Бурнин не вступал в разговоры. Он вдруг почувствовал последнюю, смертную слабость, такую, что сам удивился.

— Ты что, браток? — заботливо спросил Бурнина Силантий.

— А что?

— Да лица на тебе не стало.

— Черт его знает, ведь я, должно быть, больной и лопатки и ребра колет, особенно сильно, когда вздохнуть или кашлять, — признался Бурнин.

— Воспаление легких, пожалуй! — сказал кто-то.

— А ну вас, товарищи, к черту! Вас послушаешь, да и помрешь! Отлежал человек бока, вот и больно! — взъелся Силантий.

Было ли то воспаление легких или просто он отлежал бока, Анатолий не знал. Но сил больше не было. На территорию лагеря он входил едва волоча ноги, будто из отсыревшей глины, нестойкие, ломкие ноги...

Оказалось, что лишь лазарет находится в казармах артиллеристов, а рабочий лагерь — в помещениях гаражного типа, где до войны стояли орудия, и в хозяйственных зданиях городка...

«Черт с ними совсем! Добраться бы хоть до гаража, только бы отдохнуть!» — думал Бурнин.

— По трое разберись! Нале-во! Равняйсь! — командовал красноармеец с белой повязкой на рукаве с буквою «Р». В руках у него была плеть.

— Что за малый? Что значит «Р»? — спрашивали пленные друг у друга.

— Не «Р», а «П» немецкое — полицейский, фашистский прихвостень! — пояснил кто-то.

— То есть как это — полицейский? Русский?! — раздались голоса удивленных людей. — Смотри — на своих, на советских, и с плетью! Вот гнида!

— Смир-рна! — зычно скомандовал «прихвостень». С обширного пустыря перед лагерем дул нестерпимо холодный ветер.
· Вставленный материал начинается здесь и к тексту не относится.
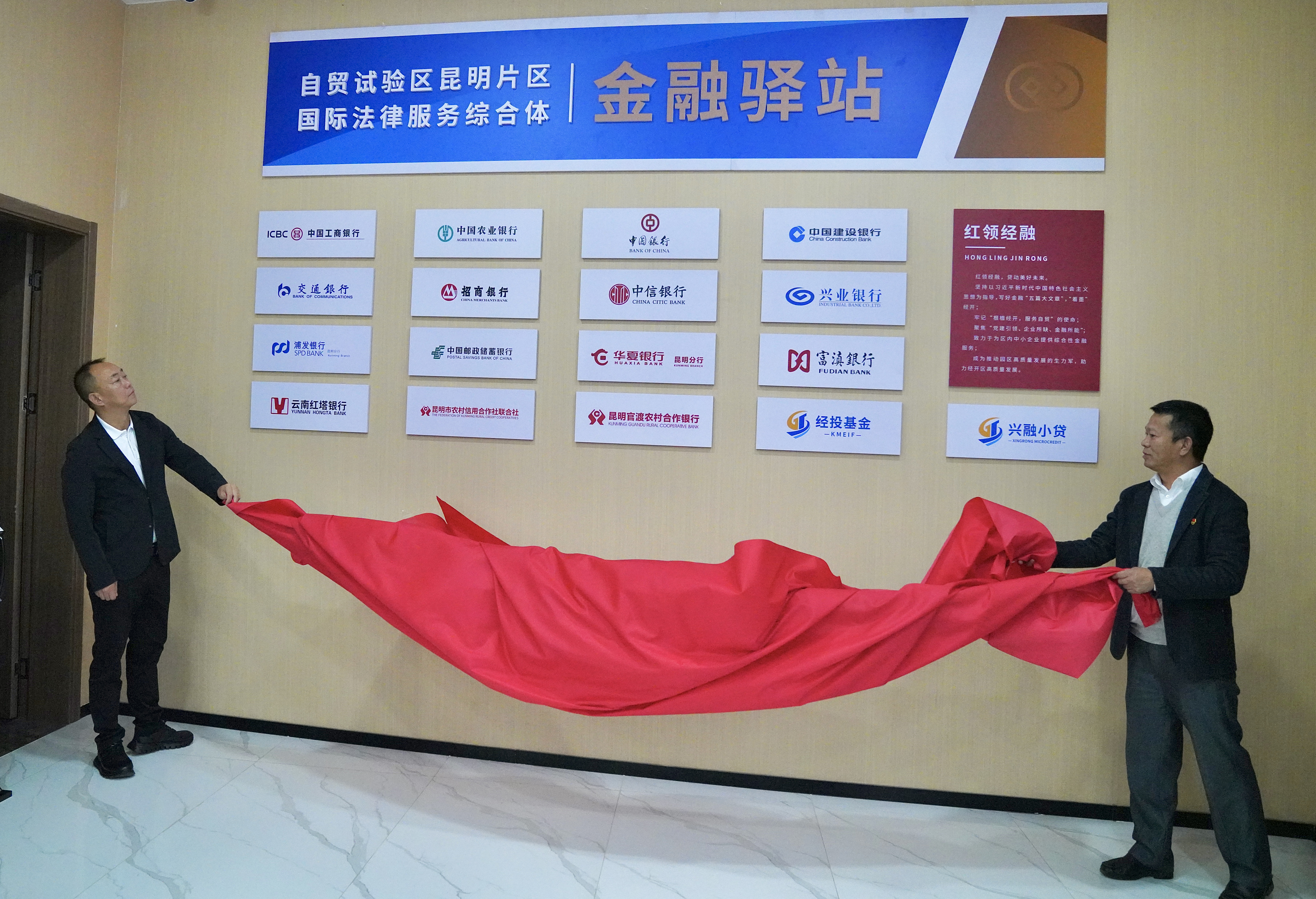 10月12日,昆明經(jīng)開(kāi)區(qū)(自貿(mào)試驗(yàn)區(qū)昆明片區(qū))商務(wù)金融局和昆明經(jīng)濟(jì)技術(shù)開(kāi)發(fā)區(qū)興融小額貸款有限公司(以下簡(jiǎn)稱“小貸公司”)共同舉辦自貿(mào)試驗(yàn)區(qū)昆明片區(qū)國(guó)際法律服務(wù)綜合體金融驛站揭牌儀式暨紅領(lǐng)經(jīng)融服務(wù)站啟動(dòng)儀式。昆明經(jīng)開(kāi)區(qū)(自貿(mào)試驗(yàn)區(qū)昆明片區(qū))管委會(huì)總經(jīng)濟(jì)師、商務(wù)金融局主要領(lǐng)導(dǎo)及分管領(lǐng)導(dǎo)、制度創(chuàng)新部分管領(lǐng)導(dǎo)、小貸公司及經(jīng)投基金公司主要負(fù)責(zé)人、區(qū)內(nèi)各金融機(jī)構(gòu)負(fù)責(zé)人齊聚一堂,共同見(jiàn)證了這一重要時(shí)刻。

Пленные переминались с ноги на ногу, ежились.

— «Смирно» была команда, слыхали?! — со злостью выкрикнул полицейский. — Военные люди... — и он грязно выругался.
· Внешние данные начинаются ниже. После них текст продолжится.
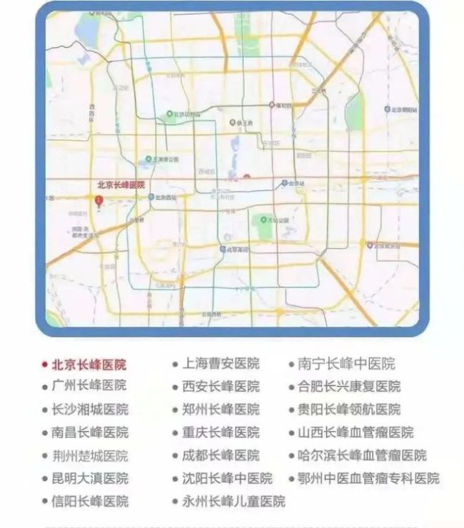 ▲全国各地有多家长峰医院。图/北京长峰医院官网

К нему подошел молодой немец, унтер-офицер, и, обращаясь к пленным, заговорил по-русски:

— Прежде чем получайт обед, есть приказ выводить из ряды евреев и комиссаров. Если есть евреи и комиссары, они должны выходить из строй.

— Комиссарам, политрукам и евреям выйти из строя! — крикнул малый с повязкой полицейского. — А ну, выходи, живо!

Из строя никто не вышел.

Немец заговорил:

— Немецкое командование знайт, что комиссар и еврей из строй сам не выйдет. Когда им командоваль выходить, то хотель, чтобы русский люди понимайт, что они есть трусливый. Русский пленный сами должны называйт евреев и комиссаров.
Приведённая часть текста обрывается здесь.